Any institution regardless of size that develops an ICT preparation (IRBC) program for business continuity that requires ICT services/infrastructures in place to support emergency operations, accidents and related interruptions that may affect the continuity of critical business functions, including standard security, to support business operations, can aply this standard.

CONSULTANCY ON ESTABLISHING ISO/IEC27799 HEALTH INFORMATICS -- INFORMATION SECURITY MANAGEMENT IN HEALTH USİNG ISO/IEC 27002 STANDARD

This international standard has been established for those responsible for the safety of health information, health care providers and other health information protectors (security consultants, auditors, third party service providers, etc.) who need a guidance under this heading. It ensures that the standard ISO/IEC 27002, which defines the practical application of standard information security management, is applied consistently in the health care environment and against the security challenges that the healthcare sector is facing. It is the only guide on how best to protect the confidentiality, integrity and accessibility of personal health information.

CONSULTANCY ON ESTABLISHING ISO/IEC 27011 INFORMATION TECHNOLOGY -- SECURITY TECHNIQUES -- CODE OF PRACTICE FOR INFORMATION SECURITY CONTROLS BASED ON ISO/IEC 27002 FOR TELECOMMUNICATIONS ORGANIZATIONS STANDARD

ISO / IEC 27011 is a security management standard specially prepared for Telecom Sector. This international standard is designed to help institutions in the telecom sector prove that they have a common minimum level of information security by providing "confidentiality", "integrity" and "accessibility" principles, which are the basic requirements of information security.

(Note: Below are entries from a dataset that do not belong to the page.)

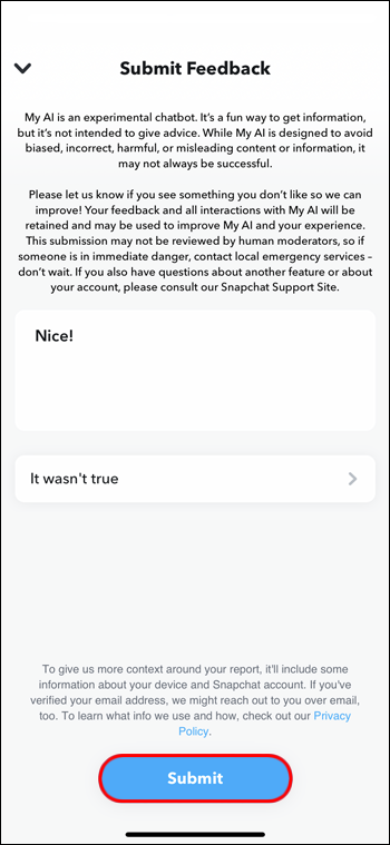 - Press Submit Feedback.
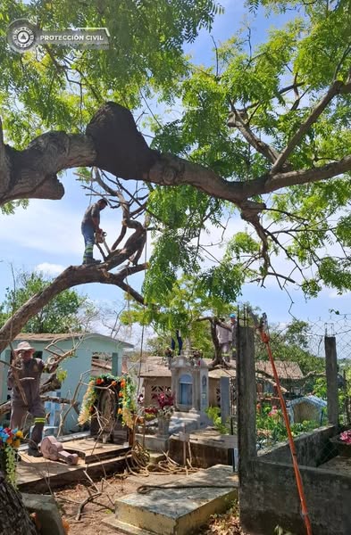 #ProtecciónCivil | Este día, personal de Protección Civil Municipal llevó a cabo el retiro de un árbol, que se desplomó por el paso del Frente Frío número 42 en el Panteón Tepeyac.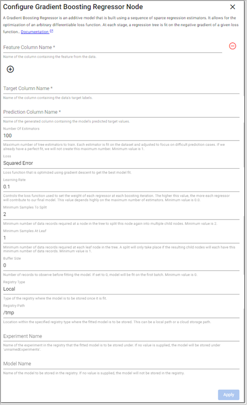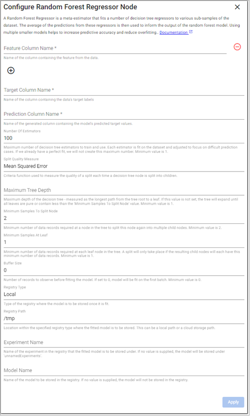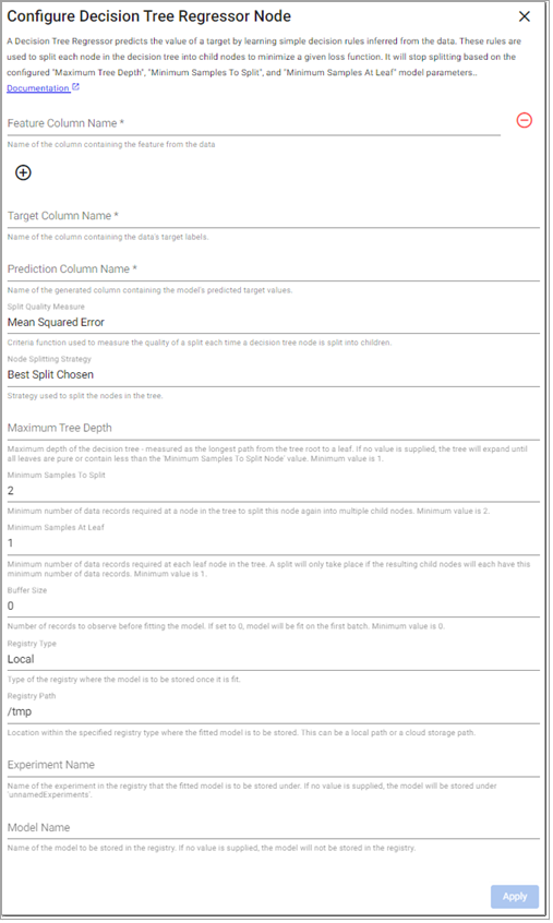 A Decision Tree regressor predicts the value of a target by learning simple decision rules inferred from the data. These rules are used to split each node in the decision tree into child nodes to minimize a given loss function. It stops splitting based on the configured Maximum Tree Depth, Minimum Samples To Split, and Minimum Samples At Leaf model parameters.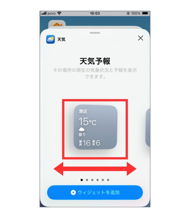 すると追加できるウィジェットの種類が複数表示されます。どんなタイプがあるか見たいときはウィジェットのサンプル部分をスワイプします。

Based on the ISO/IEC 27002 standard, ISO/IEC 27011 standard is an application guide for establishing, implementing, maintaining and developing a Telecom sector specific Information Security Management System.

What is achieved with the ISO 27011 standard?

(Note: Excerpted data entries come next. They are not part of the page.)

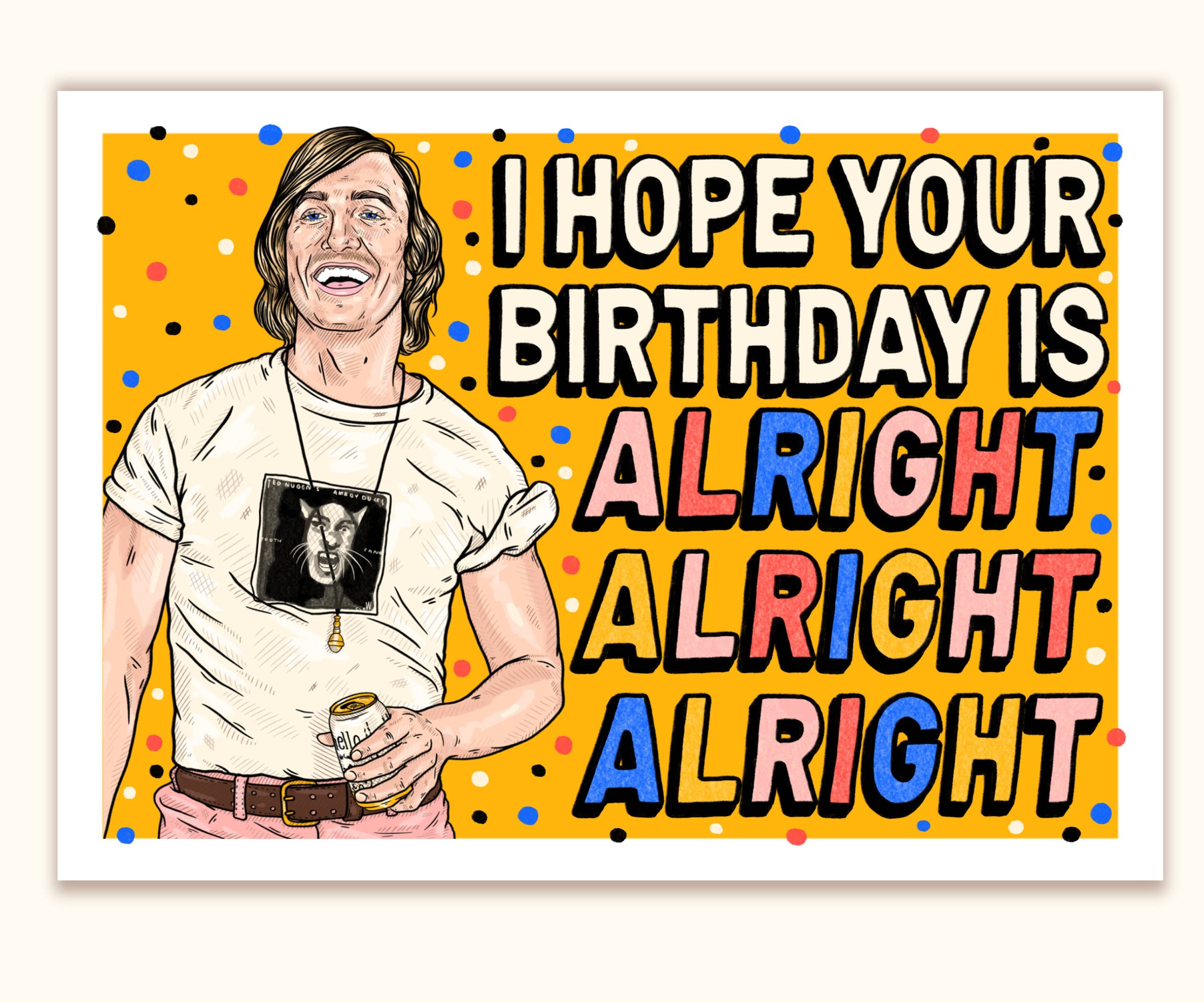 SKU: GCARD226 Made in United States Color: Multi-Colored and White Finish: Matte and Textured Is Set: Individual Theme: Pop Culture Tone: Funny Weight: 11.34 g (0.4 oz) Dimensions: 14 x 10.8 cm (5.5 x 4.3 in)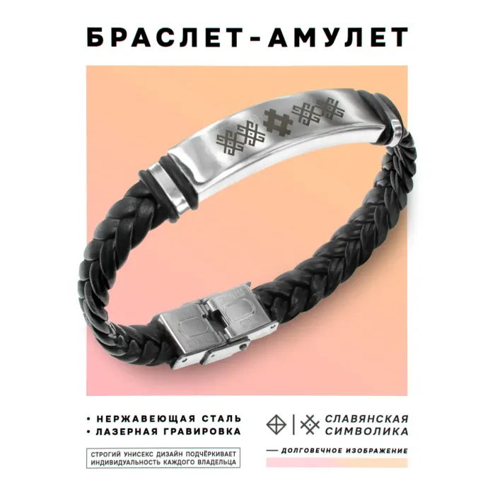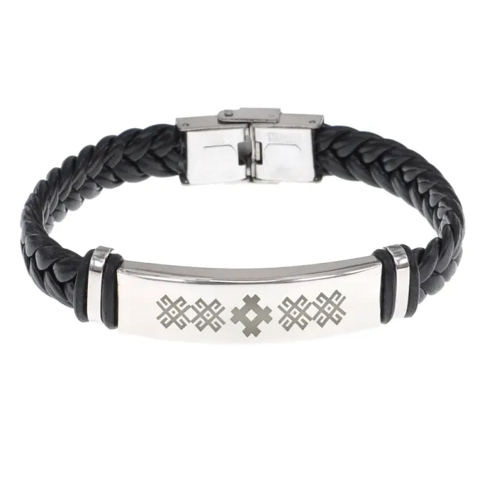 Кожаный браслет с гравировкой символа Звезда Креста. Изделие выполнено в плетёной технике.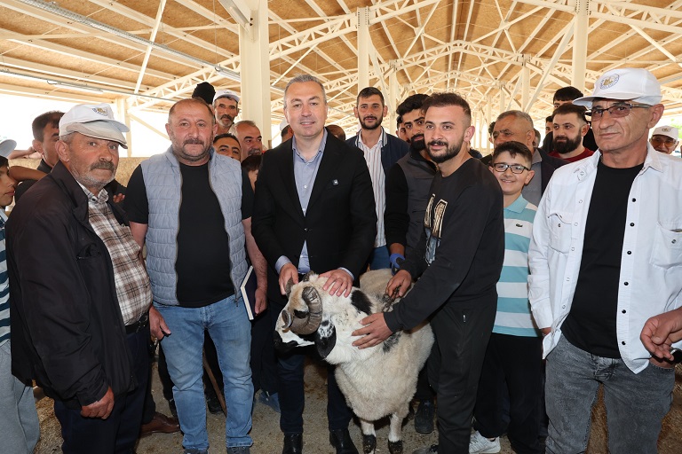 Bayram öncesinde pazar alanını ziyaret eden Belediye Başkanı Adem Uzun, hem hayvan yetiştiricileri hem de vatandaşlarla bir araya geldi.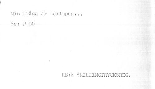 //// o //// Min fråga är förlupen... Se; P 55 //// KB:S SKILLINGTRYCKSREG. ////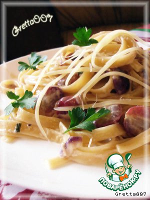 Рецепт "Паста с сырным соусом и красным виноградом":

  • Establishment of an information security management system in accordance with accepted international targets for telecommunication institutions,
  • Ensuring the confidentiality, integrity and accessibility of telecommunications vehicles and services, ensuring information security,
  • Adopt a comprehensive and systematic management system for information security,
  • Secure processes and controls minimizing the risks existing in telecommunication services,
  • Competitive advantage for organizations with increased confidence in users' telecom services.
  • CONSULTANCY ON ESTABLISHING ISO/IEC 27019:2013 INFORMATION TECHNOLOGY -- SECURITY TECHNIQUES -- INFORMATION SECURITY MANAGEMENT GUIDELINES BASED ON ISO/IEC 27002 FOR PROCESS CONTROL SYSTEMS SPECIFIC TO THE ENERGY UTILITY INDUSTRY STANDARD

    ISO 27019: 2013 aims to make information security requirements applicable to control systems/automation infrastructures, especially energy infrastructure. An example of this sub-structure is the industrial control systems for electricity generation, distribution and transmission, and natural gas transmission. The information security requirements of these infrastructures may differ from traditional Information Technology infrastructures.

    Based on the ISO/IEC 27002 standard, the ISO 27019: 2013 standard is a application guide for establishing, implementing, maintaining and developing an Information Security Management System specific to the Energy sector.

    What is achieved with the ISO 27019 standard?

  • Establishment of an information security management system in accordance with international targets for energy industry organizations,
  • Ensuring the confidentiality, integrity and accessibility of energy infrastructure utilities and services, ensuring information security,
  • Adopt a comprehensive and systematic management system for information security,
  • Secure processes and controls minimizing the risks existing in telecommunication services,
  • Competitive advantage for organizations with increased confidence in users' energy services.